This past week I attended the annual J.P. Morgan Healthcare Conference, and the multitude of satellite events surrounding it, which attracts about 40,000 people from across the industry. It is where the business of health occurs, where money (Wall Street, PEs, VCs) looks to make a deal with just about any business in healthcare (life sciences, medtech, hospital systems, payers, start-ups, etc).
It’s a fascinating event to attend and arguably one of the best for getting a broad read on the entire healthcare sector and its future trajectory. Following are 8 significant takeaways:
Loud noises, but steady hand at the tiller. A lot of political “fire and fury” came out of Washington in 2017 regarding the Affordable Care Act, but despite several attempts ACA repeal did not occur. Political noise may continue to spout from Pennsylvania Avenue – but over at HHS, new leadership will quickly get down to business, proceeding with value-based care initiatives. The latest example: CMS’s reinstatement of rules for voluntary bundles as an APM under MACRA.
Medicaid in stormy seas. While CMS stabilizes Medicare, state-run Medicaid programs will see turmoil. As of this writing, CHIP remains unfunded, and Medicaid funds distributed via state designated health programs under 1115 waivers will evaporate. This will impact many states significantly, as healthcare costs are already a leading line item in their budgets – nearly 40% in our home state of Massachusetts. How states address this federal shortfall bears close watching.
Cost consciousness arises. The transition to value-based care (VBC), contractions in CMS spend and likely increase in uncompensated care will force healthcare organization (HCOs) to take a hard, deep look at costs. Administrative and supply chain costs will be primary targets. As a corollary, this cost consciousness extends to health IT. If your solution does not deliver a clear ROI in a year or less, you will get the brush-off.
New breed of CIO. The majority of CIOs that oversaw go-lives of enterprise EHRs over the last decade are not likely to be the ones to drive their HCO’s digital health strategy going forward. A new breed of CIO is on the rise: One with a combination of clinical, business, informatics, and IT skills. They intuitively understand the operational and strategic value of IT in both a clinical and business context.
Tax reform accelerates M&A. Recent passage of the tax reform bill brings fresh cash into the coffers of businesses. This cash influx will be leveraged to drive further consolidation rippling across all sectors of the healthcare market.

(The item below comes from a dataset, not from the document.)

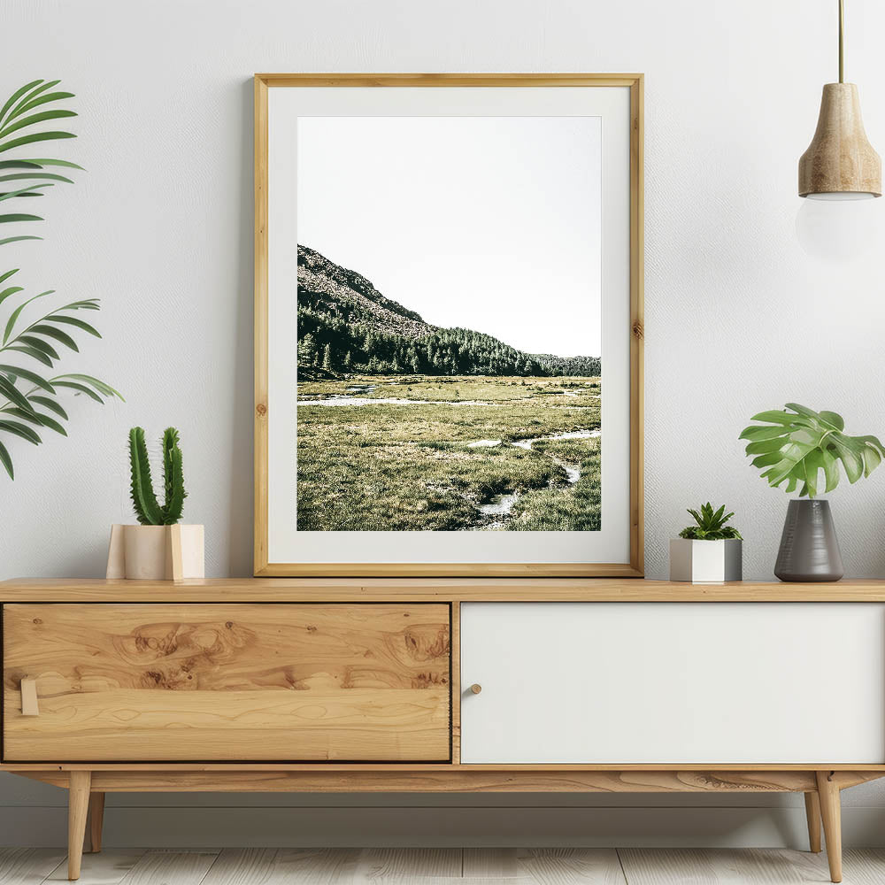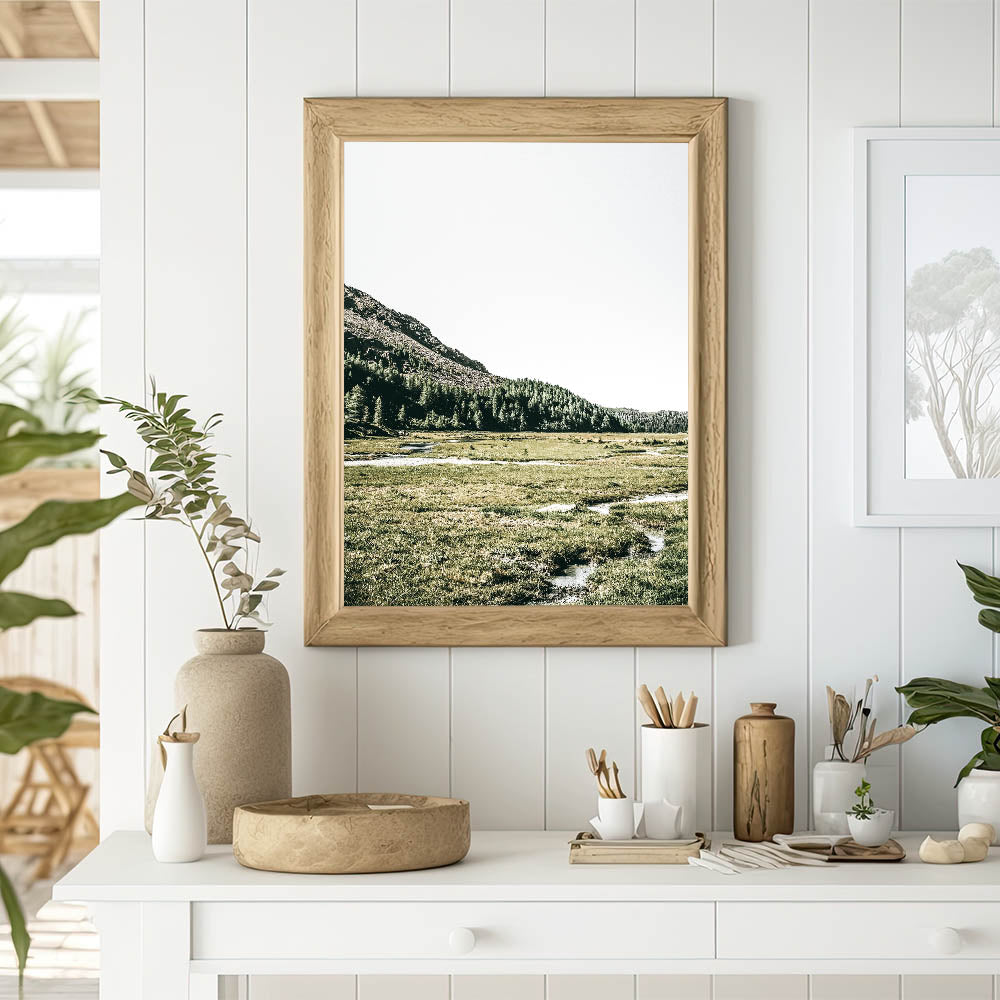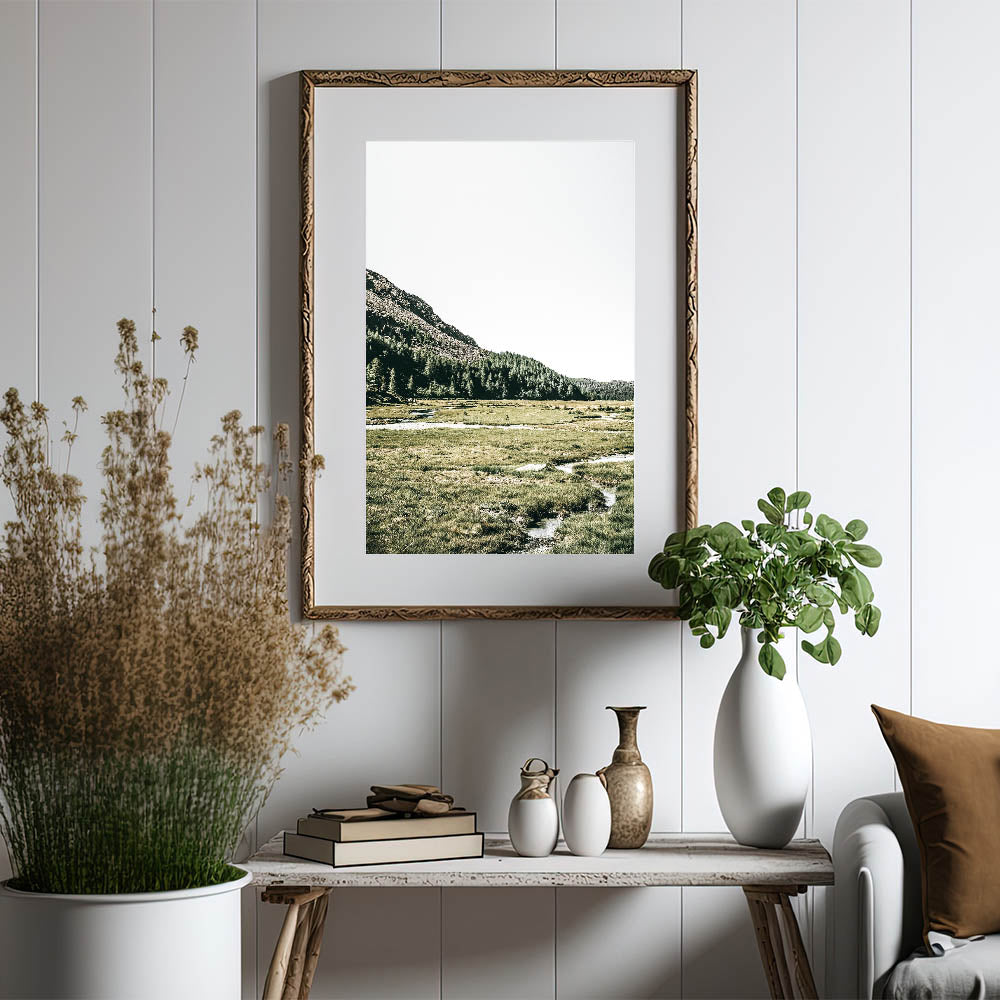 Bring the serenity of the great outdoors into your home with this captivating mountain valley wall art. This artwork features a stunning view of a lush, green valley framed by towering mountains and dense forests. The natural beauty of the landscape, with its calming greens and earthy tones, creates a peaceful atmosphere, making this piece an ideal addition to any farmhouse or country-style decor. Perfect for living rooms, bedrooms, or nature-themed spaces, this print captures the essence of the wilderness and invites tranquility into your home.

The proliferation of start-up health IT companies with few exit options will lead to rapid consolidation as larger companies leverage cash for strategic fold-in acquisitions.
Next generation of start-ups emerge. I spent some time at the Startup Health Festival to hear many a pitch from young start-ups. Instead of conversations on how to disrupt or transform healthcare, which were the norm a couple of years back, conversations this year addressed a specific issue or problem in the healthcare system. These companies demonstrate a deeper level of understanding of healthcare than years past – typically on how they will provide a “tech-enabled service.”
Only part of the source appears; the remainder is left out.